Trouxe com efeito assentos de pau. A Guida queria ali esperar pela escrava Luísa, para ter logo notícia do que o barulho foi.
A Aninha Balaio daí fez uma ausência, lá para dentro, como se fora dormir sem mais cerimônias. Quando apareceu, foi com cinco xícaras de café fumegante, dispostas em uma velha bandeja enferrujada, mas esfregada:
— Não arreparem, minhas donas! - dizia muito espigaitada. A loicinha é véia, mas porém o café é bem torrado... Ninguém torra como esta véia, e a rapadura é boa, do Cariri...
Cobriram-na de aplausos. Ninguém melhor que o sertanejo pobre sabe agradar a tempo e a propósito.
Com pouca demora apontava de novo, lá ao longe, na ribanceira, mas de frente, o magote de homens seguidos por um a cavalo, empanado de preto, que era a autoridade.
— Não houve rusga no seu samba, não, Sinh'Aninha?
— Em tão boa hora digo: Inhora, não. Não vê logo! Em casa de Ana Constância da Purificação, com Deus adiante, nunca entrou justiça...Com Deus adiante, em boa hora diga!
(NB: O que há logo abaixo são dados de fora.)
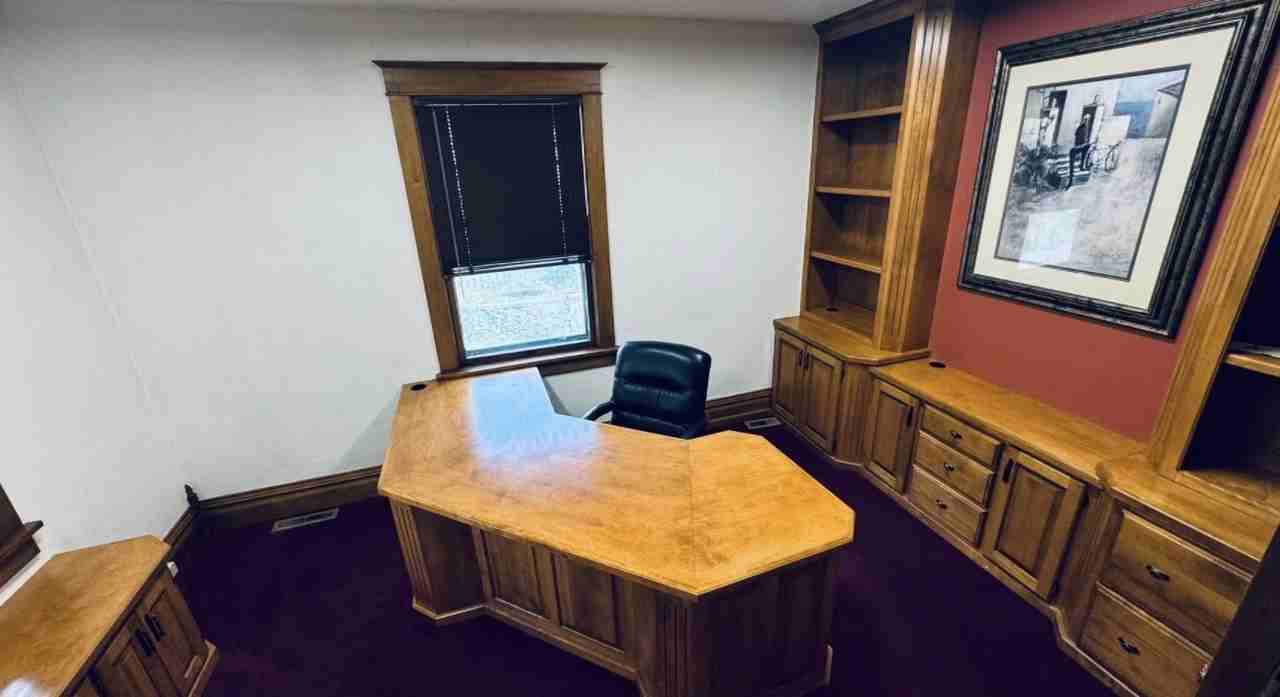 Beautiful office space with built-in desk and cabinets. Off street parking in a private parking lot, two conference rooms, shared kitchen with refrigerator/freezer, microwave, and water cooler. Owner pays utilities. Tenant is responsible for their own internet.

— Na verdade, você tem condão.
— Eu acho que é pauta...
— Minhas fia! aqui só tem é a porteção de Deus e Maria Santíssima, e do Senhor Santo Antônio, e abaixo de Deus o respeito desta cabra véia que Vosmicês tão vendo... Eu cá não boto água a pinto.
O chão indicava, ainda fresquinho, o ciscado dos sapateadores.
— Foi sambão, hem?
— O nosso brinquedo se acabou cedo ca notícia do baruio que houve da outra banda... Diz que puxaram faca, e foi pau por riba do tempo. Sabe quem passou por aqui se escondendo e me contou? Foi o Naiú, ali da Seá Dona Guidinha...
— Hem? O Naiú!
— Podera não! Levou ũa birrada qui fez-lhe um galo na cabeça...
— Aí, negro!
— Vosmicê tem ali um valentão, minha dona. Se não sabia, vá sabendo... É de força!
— O Silveira andava com ele... Teria também se metido no rolo?
— Eu não sei, o moleque non me quis explicá nada... Ia-se escapolindo qui ia desesperado!
As meninas continuaram a prosear com a Aninhas.
Luísa chegou passado um bom pedaço, exagerando muito:
— Foi um baruião, minha Senhora... Mó do Zé Tomais, qui mexeu ca charrua do Chico Mão-Quitola!
— Olhe o Seu José o que andava fazendo! E ele foi preso?
— Inhora, não. A tropa vinha aí atrás... Um vaqueiro da Lagoa levara uma facada no braço... Diz que trovejou foi muito cacete... O tocador da rabeca vinha preso.
E que houvera com o Silveira?
Achava que fora pegado também.
— Veja em que dão as vadiações!
— Pior poderia ser. Não morreu ninguém, graças a Deus.
— Lá vêm eles!
Afinal a escolta assomava no cotovelo do caminho. Vinham três homens com as mãos para trás, amarradas com cordas. Vinham cercados por uns doze cabras de cacete, um sujeito de óculos com cara de defunto, muitos curiosos e uns parentes dos presos.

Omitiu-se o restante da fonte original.